Faster, Pussycat! Date! Date!

There are lots of services and resources for singles who have exhausted what (until now) have been thought of as traditional places to meet your mate— through friends, at the bar, at church. The Minneapolis yellow pages lists 15 dating services alone, and there’s truly something for every single. Jeff Feldman, the (single) membership director of Adventure Seekers in St. Louis Park, says his organization is not a dating service, regardless of what it’ s listed under in the phone book. Instead, he says, it’s a “singles network,” a club that holds all kinds of fun events for people who all just happen to be single and whose friends all just happen to be married. Adventure Seekers provides the unattached friends people have run out of, he says.

His clients take hot air balloon rides, check out bands at the Fine Line, and take advantage of happy hours all over town. Anywhere from 20 to 80 people might attend any given event, and although it’s not a dating service, the staff at Adventure Seekers do what they can to make sure both sexes receive equal representation at all events. Did I mention it’s not a dating service?

Feldman has absolutely no qualms about the service he provides. “People are too busy to meet new people, and they’re usually not meeting people out of their circle,” he says. “When they do meet people, they want them to be quality people.” Because it’s technically not a dating service, Feldman and his crew skip the background checks and meet with new members individually only once for about a half-hour. They also don’t do any matchmaking. “Our slogan is this: While people are waiting for the perfect date, they’ve got to have a life first,” Feldman says. But what it will cost, Feldman won’t say. “There’s a lot of competition for the single dollar out there,” he says, by way of refusing to reveal that information to potential competitors. He indicates only that membership runs in the high hundreds. Each event carries an additional (“nominal”) fee.

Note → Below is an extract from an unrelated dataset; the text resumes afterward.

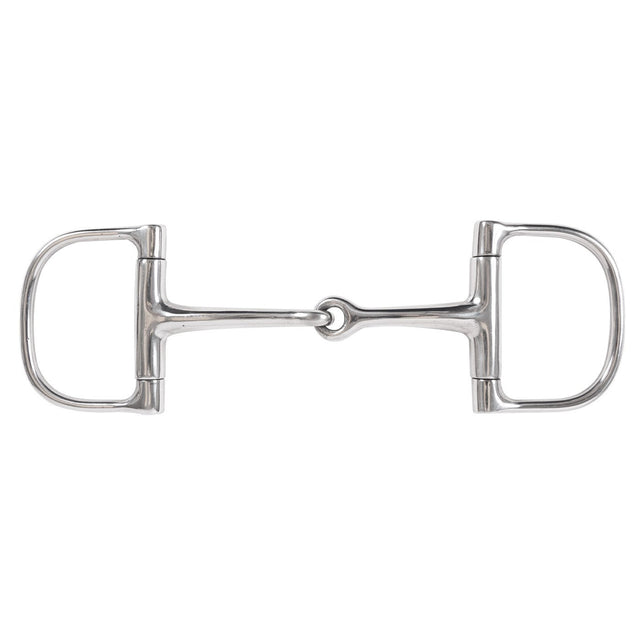 The EvoEq Racing Dee Single-Jointed Bit is a mild snaffle bit with "D" shaped rings to help with lateral control of the head. The sides of the rings are flat to provide slight lateral guidance while also helping to prevent the bit from sliding through the horse's mouth. Suitable for hunters, eventing, dressage, or racing.

Lisa Martens, the (engaged) director of It’s Just Lunch Minneapolis, is more forthcoming. Eight matches for $1,100, 12 for $1,300 or 16 dates for $1,500. Martens personally meets with each of her new clients, currently numbering around 3,000, for about an hour. Potential mates are selected according to her ability to size people up, and all matches go through her. Daters, most of them professionals in their 30s or 40s, meet for casual lunches. She requires the daters to check back within 48 hours of the date to tweak the matches. In IJL’s six years in Minneapolis, more than 300 professionally-matched couples have wed. Martens herself is sweet, friendly and incredibly accommodating, often working late hours to schedule clients around their busy lives. She left a career as a headhunter two years ago to become a matchmaker, but she doesn’t have any formal training. Instead, she relies on a highly tuned gut instinct, with an impressive record; her three best friends are currently in relationships she engineered pre-IJL.

Martens says she believes any stigma that previously existed in using a dating service has dissolved. “It’s just a shift in the way dating has gone,” she says cheerfully. People are busy and cliques are tight. And if you don’t have the time but you do have the money, why not use a service? After all, dating services eliminate time that might otherwise be wasted getting to know someone who will never, ever do it for you.

She compares her job to that of a financial analyst or personal trainer. The key to IJL’s success, Martens says, is the emphasis on the casual. Even at around a $100 a date plus lunch tab, tax, and tip, with a hand-picked, screened-for-your-safety prospective mate, no busy single professional wants to be pigeonholed into anything serious, she says. That’s not to say that people using IJL aren’t serious about finding a mate or having a relationship. But regardless of the fact that you yourself are emitting the same perfume of desperation, there’s an important protective wall to maintain. Remember: The person sitting across from you must be single for a reason. Especially if they are using a full-blown dating service.

Even though some of these services will quickly relieve you of much money, you still have a friend in Jesus (or Moses, or Muhammad). Enter the church singles clubs: free, welcoming, and utterly heathenistic. Remaining consistent with their weekly ecumenical services, the nominally Catholic St. Joan of Arc attracts singles of all denominations to their weekly happy hours, wine tastings, and coffee slurpings. People occasionally meet for other events, such as cross-country skiing, and they’ve been known to double in size (this is a numbers game, after all) when they host joint events with the Basilica’s singles crew, the Avenues. Ironically, coordinator Nancy Goedeke (single, Episcopalian) doesn’t believe singles ever meet through church. She disputes the conventional wisdom that Sunday service has as much meet-market potential as your local grocery store. And you better believe you’ve exhausted your friend’s friends by the time you hit your 40s, she adds.

“Unless you have small groups or a service or develop a community on your own, it’s very hard to get connected in this world, especially if you’re older,” she says. Goedeke thinks dating gimmicks and services tend to be superficial. Minnesota natives are renowned for their “our-group-goes-back-to-the-days-we-were-in-diapers-and-we-didn’t-need-any-new-friends-then-either” attitudes. But somebody must be looking for love outside the clique: Goedeke emails her weekly event info to more than 300 subscribers.